Generative AI makes super flashy demos. You try a thing and it just works! Fiddle with the prompt and it improves 🤩 Then you evaluate on lots of data and ... oh no.
That's what happened to me this weekend. I spent $110 and 26 hours running this thing on my blog.
blows my mind this works pic.twitter.com/IgzMXmXJXO
— Swizec Teller (@Swizec) October 29, 2023
The results were ... not great. After editing 940 files, GPT-4 made mistakes on 25 of 35 files. I stopped counting after that.
No wonder evals were the biggest topic of conversation at AI Eng Summit. Vibe checks don't scale.
The experiment
My task was simple: There are 1774 posts on swizec.com stored as .mdx
files. Some of these break MDXv2 and stop me from finishing the upgrade to Gatsby v5. Gatsby chokes on 1 file at a time and tells you little about what's wrong.
Solution: I've used ChatGPT in the past to fix or reformat naughty files. Always worked fine. Set it loose on my files and it's gonna fix the problem right?
Narrator: Wrong. Swiz was lazy and should've taken the extra time to write a deterministic parser. This is not a problem for AI.

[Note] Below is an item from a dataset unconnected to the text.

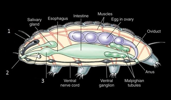 quattro metameri, ciascuno dotato di un paio di zampe con 4–8 unghie)

You can see the whole script on GitHub. It loops over files and calls the OpenAI API with a system prompt that passed the vibe check.
// main loop
const mdxFiles = findMdxFiles("../src/pages/blog/") // You can replace './' with the desired directory
for (const file of mdxFiles) {
const content = fs.readFileSync(file, "utf8")

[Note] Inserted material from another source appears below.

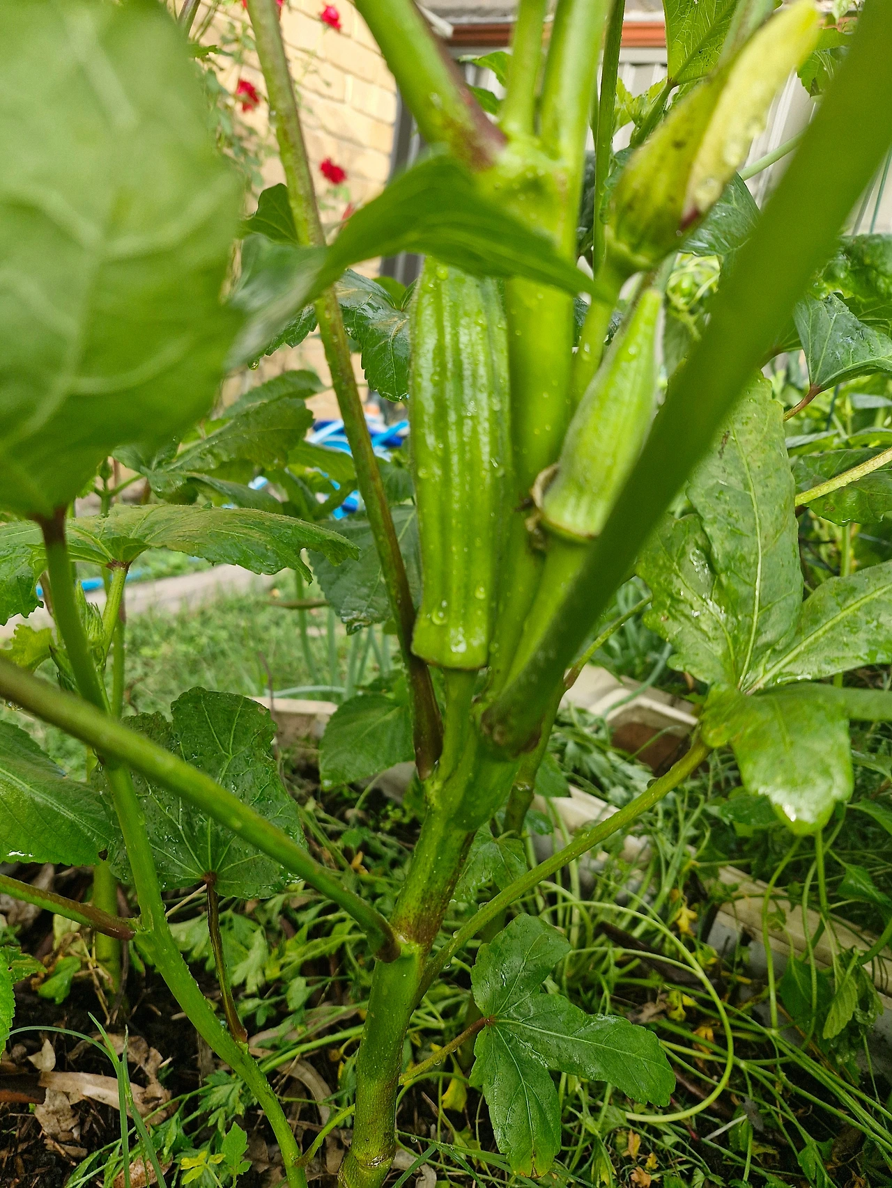 며칠 내내 퐁퐁물로 스프레이를 잎마다 꽃마다 뿌려가며 겨우 살려낸 분들입니다. 이 날은 첨으로 오크라가 달린 것을 봤네요. 아, 이렇게 자라는군요. 언제 따야 되는지, 어떻게 요리해야 하는지도 몰라서 검색해 봐야 할 정도로 낯선 분입니다.

if (content.includes('")') || content.includes("{")) {
console.log(file)
const cleanedContent = await cleanupMarkdown(content)
if (cleanedContent) {
fs.writeFileSync(file, cleanedContent)
console.log("done")
} else {
console.log("empty return")
}
}
}
To save costs I'm limiting the script to files with known potential problems. MDXv2 doesn't like free floating {}
in text – evaluates them as a JavaScript expression – and I think it struggles with wonky markdown like ![caption](image.png "caption")
.
The GPT-4 call looks like this:
const cleanupMarkdown = async (content: string): Promise<string | null> => {
try {
const response = await openai.chat.completions.create({
messages: [
{
role: "system",
content: `You clean up MDX content so it conforms to standard syntax. The user sends you a file and you return the cleaned up file with no additional content. Do not change frontmatter.\n\nMake sure image captions only appear in the [] portion of an image tag, for example [hello](./img/hello.png "hello") -> [hello](./img/hello.png)\n\n${
content.includes("{")
? "Wrap expressions like {abc} in backticks: `{abc}`"
: ""
}`,
},
{
role: "user",
content,
},
],
model: "gpt-4",
})
return response.choices[0].message.content
} catch (error) {
console.error("Error cleaning up markdown:", error)
return content
}
}
I developed this prompt over a few iterations using 2 test files. Kept tweaking until GPT-4 correctly fixed both files a few times.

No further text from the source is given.